Kurt took off running while the truck sped away and Christian held his mother’s slack hand. “They could both die,” Christian repeated to the guard.

“Your mother is alive,” said a nurse once they had arrived at the hospital and his mother was unloaded onto a stretcher by the staff.

She walked him inside the small hospital to a chair near the front door. “You can’t come in with her, but we will find you as soon as we know anything, I promise.” She’d explained to Christian that she was a nurse from the United States Public Health Service, as was Dr. Oliver, the physician in charge. Christian saw some young Japanese-American women in white uniforms go into his mother’s room and the nurse explained that they had trained some of the internees as orderlies and nurses’ aides. “We’ve had more illnesses than we imagined and they make things run smoother. Don’t worry, your mother is in qualified hands.”

When Christian’s father arrived fifteen minutes later, sprinting to the hospital door, the nurse said she would bring him straight back to Helene’s room. He didn’t stop and comfort his son, just shouted his wife’s name until the nurse quieted him and let him through.

Christian sat in the tiny waiting room for an hour, but when he heard his mother screaming so loudly that he was sure the sound carried back to the mess hall, he ran into her private room. As short-staffed as the hospital was, there was no one to stop him.

He didn’t knock on the door, but flung it open, only to see the doctor holding a tiny, blood-covered baby in his arms, still attached to his mother by the thick spiral of umbilical cord. It was a girl, as his mother had prayed for, and she was dead.

“Christian, get out of the room right now,” said his father, seeing him first, but Christian didn’t move. He just stood there staring.

The baby girl was going to end up nothing but a bloodstain on an internment camp hospital floor. A dead baby, just twenty-four weeks old.

“The American killed my child!” his mother was screaming at his father in German. “He’s a murderer!”

The doctor didn’t quiet her, but continued the delivery, cutting the cord and handing the baby to the nurse.

“Don’t look, Christian!” his father shouted again, but his son couldn’t divert his gaze. The baby was pale blue, with tiny bulging eyes and translucent hands. She looked amphibian. Christian kept staring as the nurse wrapped her in a thin white blanket and tucked it over her face while the doctor delivered his mother’s placenta.

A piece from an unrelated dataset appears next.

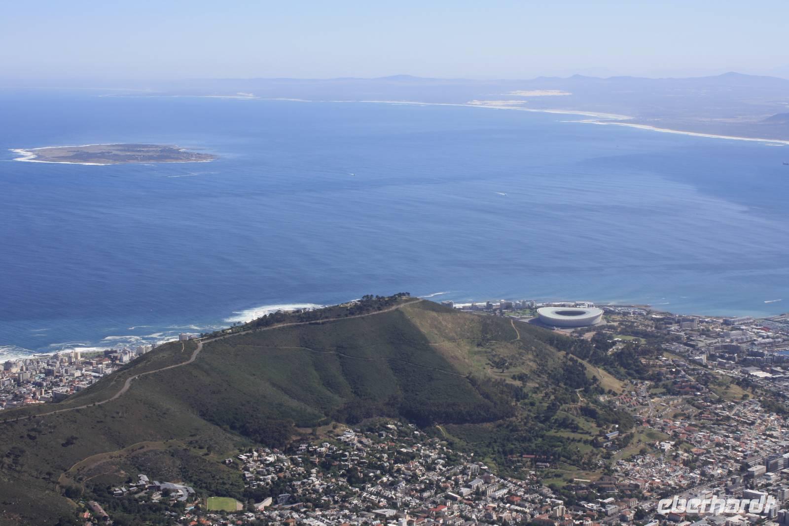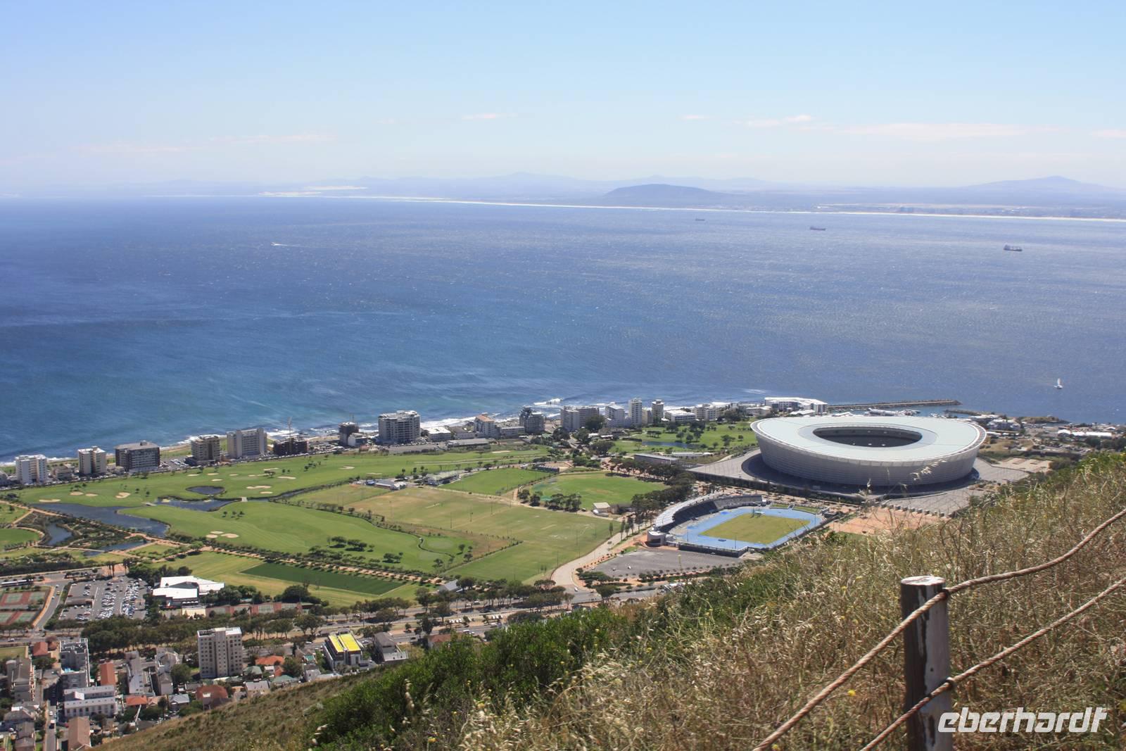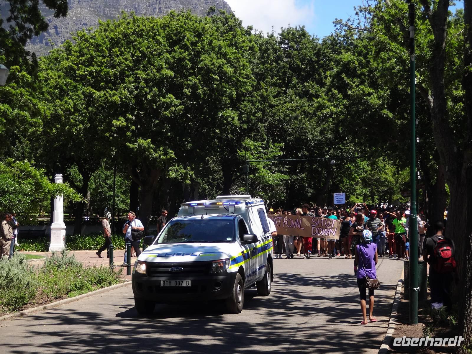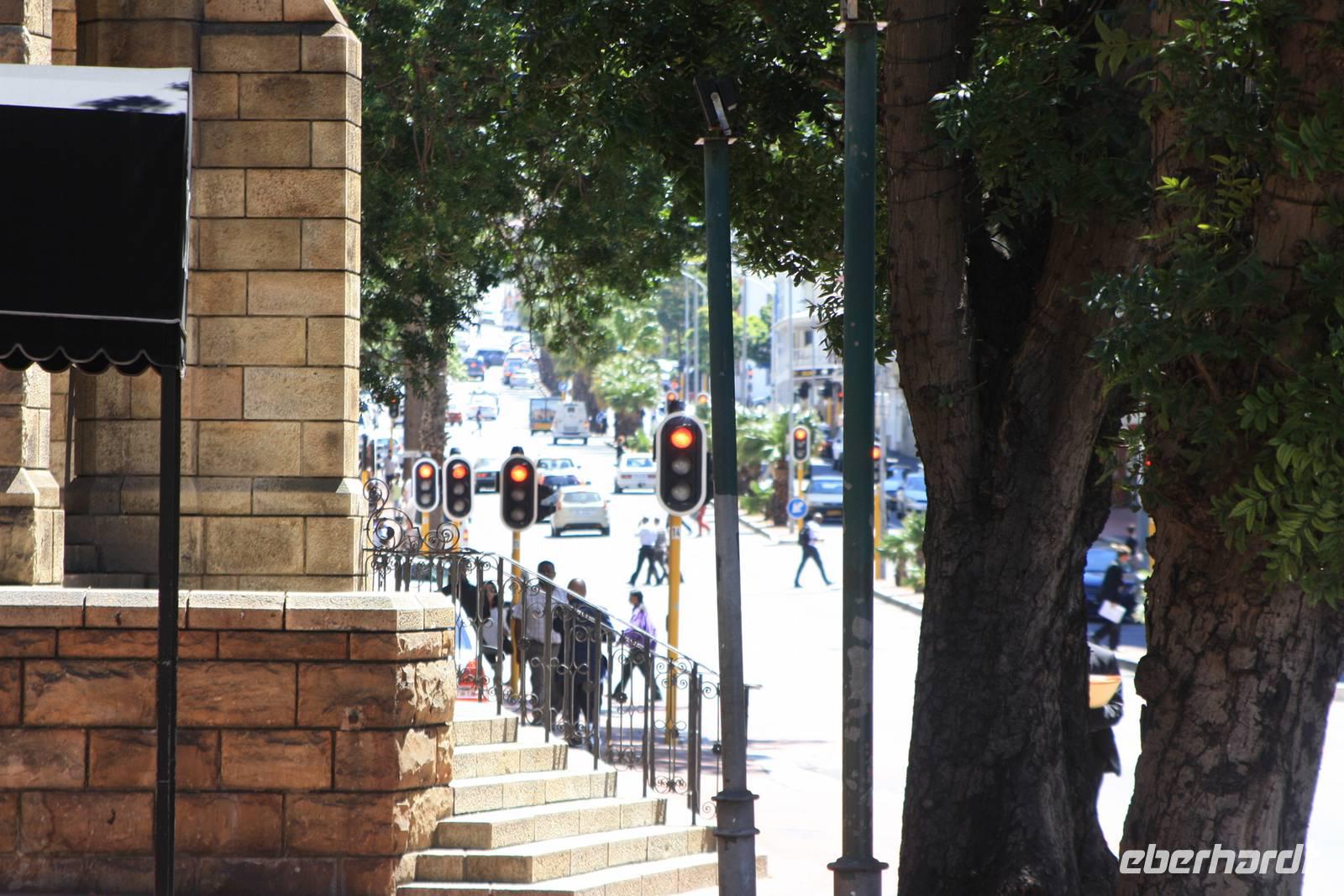 Da wir dem allmorgendlichen Berufsverkehr in Richtung Kapstadt aus dem Wege gehen wollten, starteten wir gemütlich in unseren heutigen Tag. Auf dem Weg sahen wir schon, wie sich langsam die „Tischdecke" über den Tafelberg legte und nach der Kofferabgabe im Hotel stand letztendlich leider fest, dass wir an diesem Tag nicht auf den Tafelberg konnten, da der Wind zu stark war und der Seilbahnbetrieb eingestellt wurde. Das tat unserer guten Stimmung aber keinen Abbruch und wir erlebten trotz alledem einen schönen Tag in Kapstadt. Zuerst ging es für unsere Gruppe auf den Signal Hill, einem Hügel über Kapstadt thronend, der uns einen tollen Blick auf den Tafelberg, den Ozean mit dem berühmten Robben Island, den Lion´s Head - dem Löwenkopf - und über große Teile von Kapstadt gewährte. Unser nächster Stopp war das Malaienviertel mit seinen bunten Häusern, wir schlenderten durch die Gassen und wurden über den Zweck dieser bunten Bemalung aufgeklärt. Diese diente Früher zur Orientierung, denn nur wenige Teile der Bevölkerung konnten lesen oder schreiben und somit wusste jeder, wer in welchem Haus wohnte, vorausgesetzt man war nicht farbenblind. Weiter ging es durch die turbulente Innenstadt an verschiedenen Regierungsgebäuden vorbei und durch das Bankenviertel in Richtung Südafrikanischen Nationalmuseum, wo wir unseren Minibus abstellten und zu Fuß den Company Garden, einen sehr schön angelegten botanischen Garten erkundeten. Durch die Altstadt und über den Marktplatz schlenderten wir zu Fuß, bevor es wieder zurück in Richtung Minibus ging. Kurz vor der Ankunft am Parkplatz begegneten wir dann noch einer Gruppe von Studenten, die wir schon aus den Zeitungen und den Nachrichten kannten, die aber friedlich durch die Straßen zogen und gegen die Erhöhung der Studiengebühren protestierten. Danach fuhren wir zurück zum Hotel, bezogen unsere Zimmer und genossen ein wenig Freizeit. Am Nachmittag ging es dann zur berühmten Waterfront mit ihren vielen Geschäften und Restaurants, wir brauchten ja schließlich noch ein paar Souvenirs und hungrig waren wir auch.

The nurse turned away from Helene to take the baby out of the room, but Helene reached out for her, almost falling off the metal delivery table.

“I want to hold her!” she screamed. “Take that blanket off her and give her to me!” She was kicking her legs hard and one of the Japanese-American women had to press her forearms against them to keep her from thrashing herself off the table.

The doctor and the nurse looked at each other and finally placed the dead blue baby on Helene’s almost bare chest, still wrapped in the blanket. Helene unwrapped it and held the little girl tight against her, but the baby’s head flopped to the side, her limbs hanging unnaturally, covered in thick vernix.

Helene started to sob loudly and lose her grip on the baby. But she fought off the nurse’s attempt to take her.

“I want to hold her, and I want to name her!” she shouted. “And I don’t want her buried in this desert hell!”

Christian closed his eyes, stunned, and saw the baby’s dead eyes, gray as stones, following him around the room. He imagined her pale face that would never smile, her cold cheeks that would never be kissed.

“Christian. I mean it,” said his father, moving to his mother’s side. “Get out of this room. Let me be alone with your mother. Right now.”

Christian turned and walked out. He didn’t head to the chair at the front of the office as he should have. Instead, he just stood in front of the closed door picturing the baby’s tiny dead face.

He could still hear his mother sobbing, and he instinctively moved to go back inside.

“Why don’t you wait a bit?” he heard a voice say quietly from behind him. Surprised by the British accent, he spun around to see a young Japanese woman in a white uniform. She was holding a pile of folded bedsheets. “It’s your mother in there?” she asked.